01 February 2014

What Happened To Nizah Morris?

Back in the days of the Civil Rights movement, it was not uncommon--especially in places like Alabama and Georgia--for police officers to offer "courtesy" rides to African-Americans who "appeared" to be "inebriated" or who "seemed" to be in "distress."

That would sound benevolent had some of said African-Americans not mysteriously died while in custody, or simply disappeared.  

Apparently, similar things still happen, and not only to African-Americans, and not only in the Deep South.

Three days before Christmas in 2002, transgender woman Nizah Morris died in a Philadelphia hospital from a subdural hematoma, the result of traumatic blows to her head.

Morris had been out drinking when a concerned bar patron called an ambulance for her.  She turned down the opportunity to go to the emergency room and instead accepted a courtesy ride from Philadelphia police officer Elizabeth Skala.     

Morris never made it home.  Skala claims that Morris asked her to drop her off at a corner two minutes away from the bar where she'd been drinking--but 45 minutes from her apartment.  A minute after Skala left her at the corner of Chancellor and South Juniper Streets, a motorist (according to his testimony) found Morris, naked from the waist up and bleeding from her head, lying on the street. 

Now, here's where things get interesting. 

 Another witness reports having seen her body on the street fifteen minutes later and a police officer pulling a jacket over her face as her body was loaded into the ambulance.  The ambulance attendants said they loaded her body at the same time--3:30 a.m.--the first witness (the motorist) claims to have found it.  The officer on the scene says the ambulance didn't depart until 3:45.

If these accounts are even remotely accurate, why was there such a delay in embarking for the hospital?  And why did the officer pull the jacket over Morris's face as if she were already dead?  Finally, why wasn't the police report released until 2011--nearly a decade after Ms.

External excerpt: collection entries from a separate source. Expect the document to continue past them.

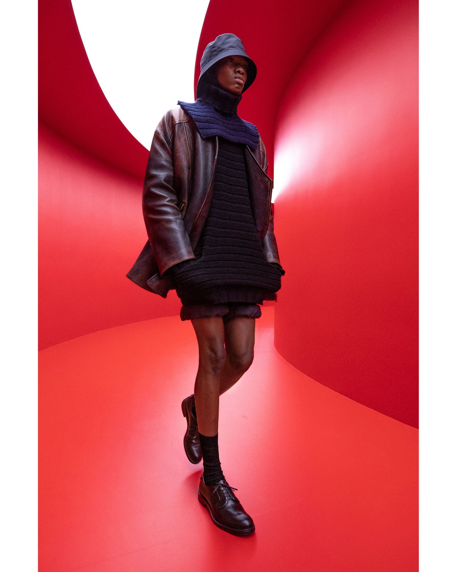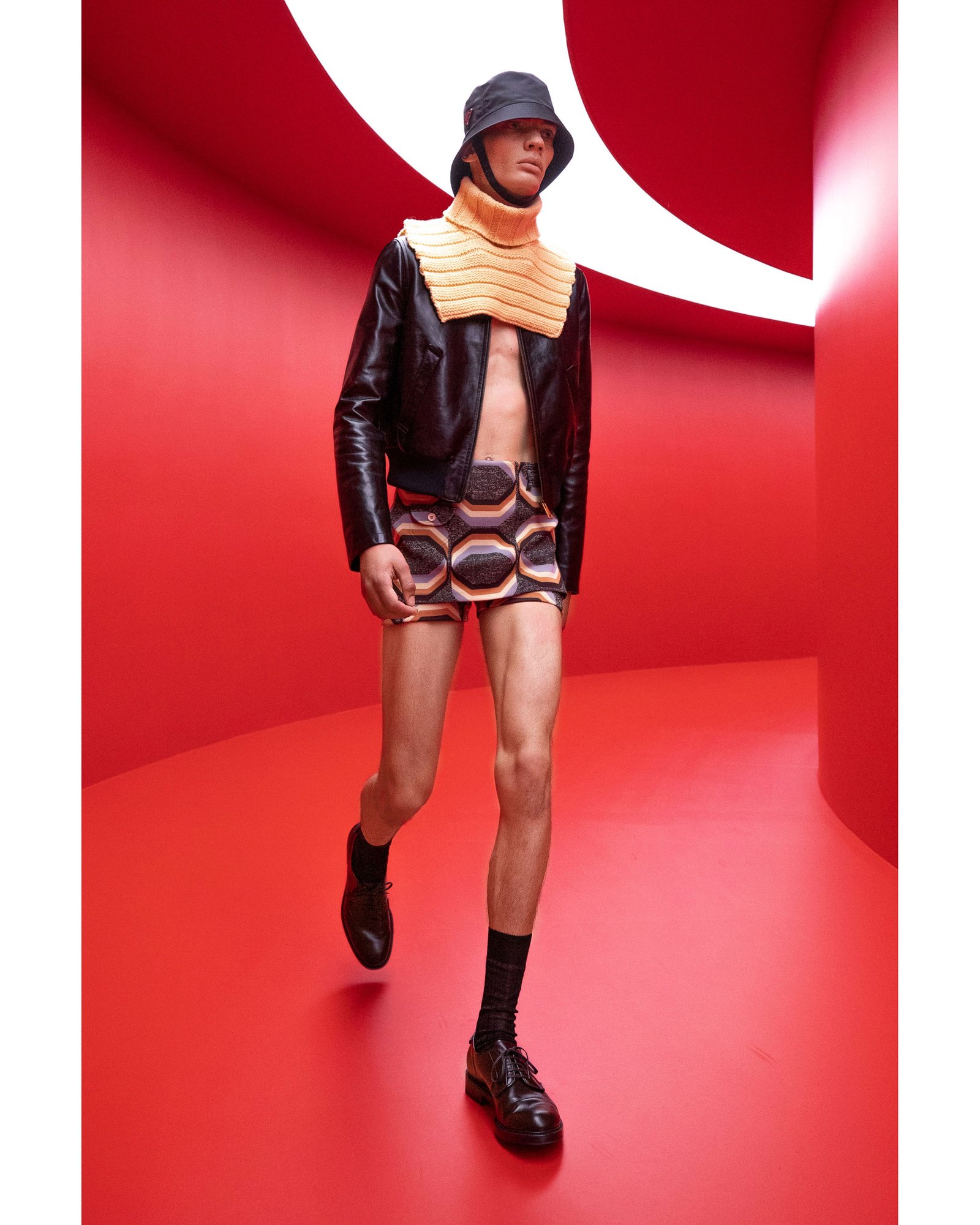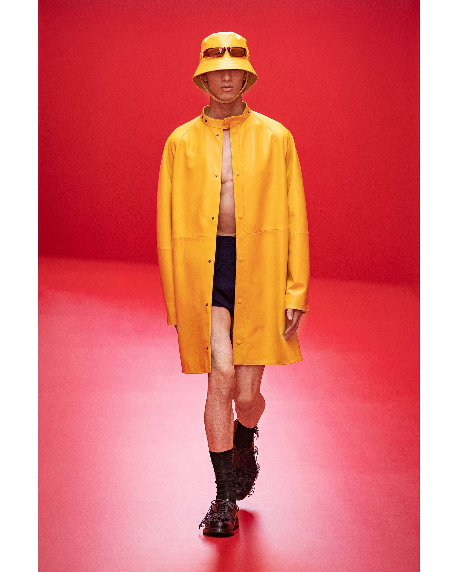 Overall the show highlights the pairs’ natural talent for balance. From the location, juxtaposing the idyllic Sardinian coastline with the bold futuristic scarlet corridors. Brightly colored overcoats, immaculately draped over dark short shorts. Textural leather jackets with the sterility of their glossy backdrop. It all plays to the impeccable pairing that we are witnessing between Prada and Simons.
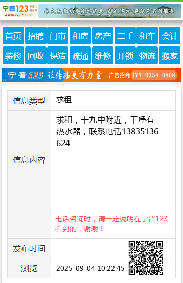求租,十九中附近,干净有热水器,联系电话13835136624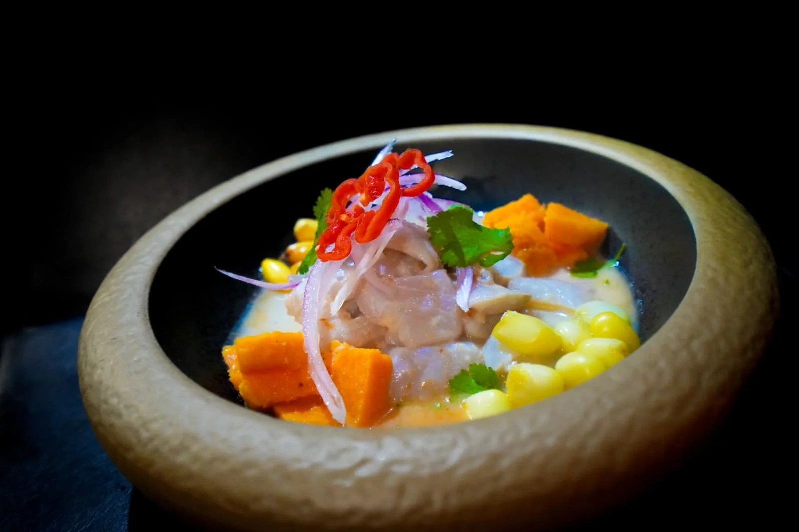 Descubre el auténtico sabor del Perú con nuestro ceviche peruano fresco, una explosión de frescura, limón y tradición que enamora cada paladar. Preparado con pescados de primera calidad, zumo de limón recién exprimido, cebolla roja, cilantro y ají, este plato es el reflejo perfecto de la gastronomía peruana.

Morris' death?  And why did it take a freedom-of-information request from Philadelphia Gay News to make that document see the light of day?

Are you surprised to learn that her family thinks the police murdered her?  

I agree with them.  Call me a conspiracy theorist if you like.  But I've found that people who so label other people have not--or don't want to admit that they have--been subjected to abuses of power.  I know:  I was once such a person.  

Whether I'm proved right or wrong, I hope that the true story of Nizah Morris's death is disclosed, and that her family finds the peace she didn't have in those last moments of her life.